## [Task description]
Please write out all of the data below exactly, without including the pictures.
Top of Data
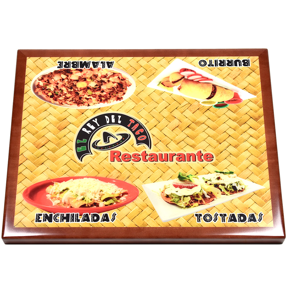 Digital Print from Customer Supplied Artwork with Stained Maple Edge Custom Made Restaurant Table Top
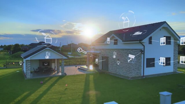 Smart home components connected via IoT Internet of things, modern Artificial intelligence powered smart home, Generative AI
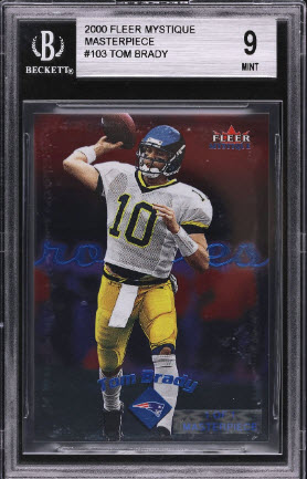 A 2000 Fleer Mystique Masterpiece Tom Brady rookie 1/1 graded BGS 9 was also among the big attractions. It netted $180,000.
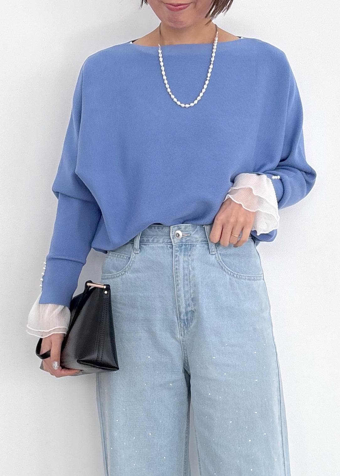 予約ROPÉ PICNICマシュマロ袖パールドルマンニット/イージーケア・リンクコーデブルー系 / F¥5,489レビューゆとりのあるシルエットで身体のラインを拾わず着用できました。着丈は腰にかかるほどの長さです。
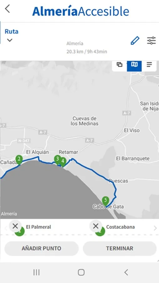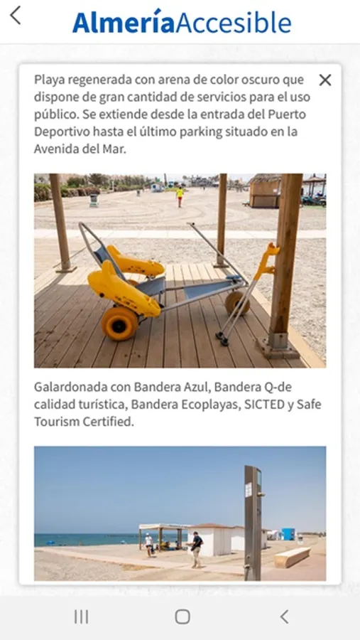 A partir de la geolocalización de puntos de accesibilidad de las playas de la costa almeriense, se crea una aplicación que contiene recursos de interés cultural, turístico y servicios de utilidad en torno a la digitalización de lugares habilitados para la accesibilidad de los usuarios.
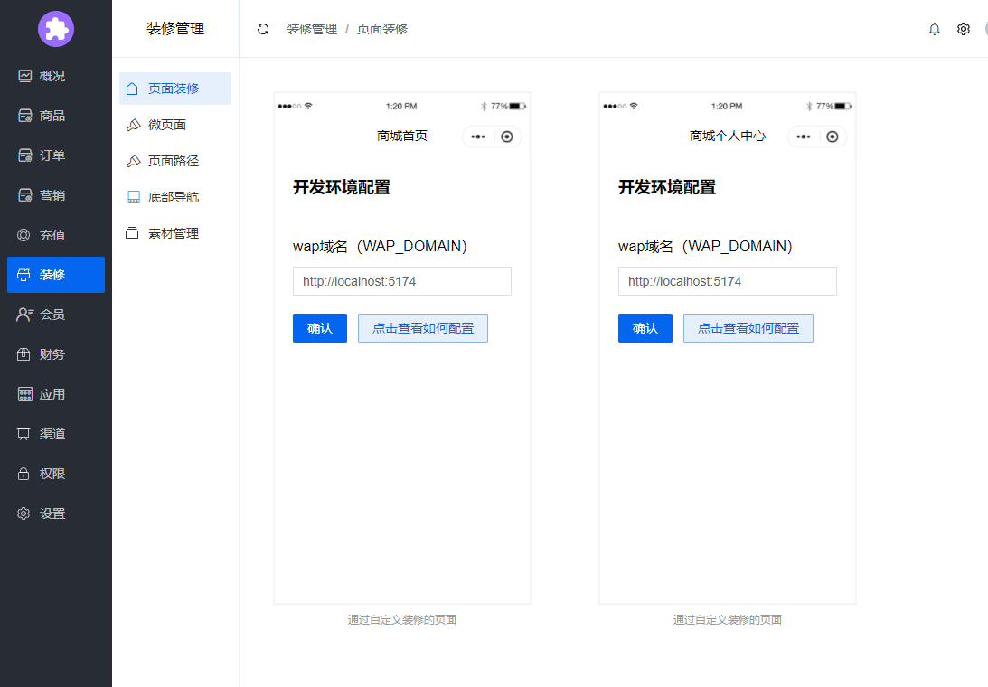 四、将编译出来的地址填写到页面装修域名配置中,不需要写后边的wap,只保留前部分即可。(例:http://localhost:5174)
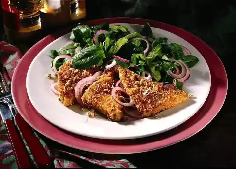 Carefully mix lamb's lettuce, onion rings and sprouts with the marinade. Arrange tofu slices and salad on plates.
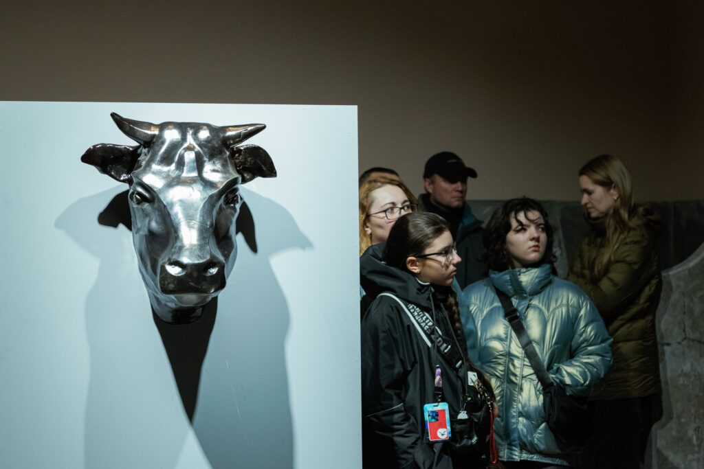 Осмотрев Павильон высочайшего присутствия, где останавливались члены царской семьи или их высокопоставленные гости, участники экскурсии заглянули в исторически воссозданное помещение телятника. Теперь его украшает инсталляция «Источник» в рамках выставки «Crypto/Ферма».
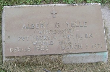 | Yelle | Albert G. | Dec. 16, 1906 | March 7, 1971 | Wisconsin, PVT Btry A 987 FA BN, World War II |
Bottom of Data
## [Task output]
 Digital Print from Customer Supplied Artwork with Stained Maple Edge Custom Made Restaurant Table Top
 Smart home components connected via IoT Internet of things, modern Artificial intelligence powered smart home, Generative AI
 A 2000 Fleer Mystique Masterpiece Tom Brady rookie 1/1 graded BGS 9 was also among the big attractions. It netted $180,000.
 予約ROPÉ PICNICマシュマロ袖パールドルマンニット/イージーケア・リンクコーデブルー系 / F¥5,489レビューゆとりのあるシルエットで身体のラインを拾わず着用できました。着丈は腰にかかるほどの長さです。
 A partir de la geolocalización de puntos de accesibilidad de las playas de la costa almeriense, se crea una aplicación que contiene recursos de interés cultural, turístico y servicios de utilidad en torno a la digitalización de lugares habilitados para la accesibilidad de los usuarios.
 四、将编译出来的地址填写到页面装修域名配置中,不需要写后边的wap,只保留前部分即可。(例:http://localhost:5174)
 Carefully mix lamb's lettuce, onion rings and sprouts with the marinade. Arrange tofu slices and salad on plates.
 Осмотрев Павильон высочайшего присутствия, где останавливались члены царской семьи или их высокопоставленные гости, участники экскурсии заглянули в исторически воссозданное помещение телятника. Теперь его украшает инсталляция «Источник» в рамках выставки «Crypto/Ферма».
 | Yelle | Albert G. | Dec. 16, 1906 | March 7, 1971 | Wisconsin, PVT Btry A 987 FA BN, World War II |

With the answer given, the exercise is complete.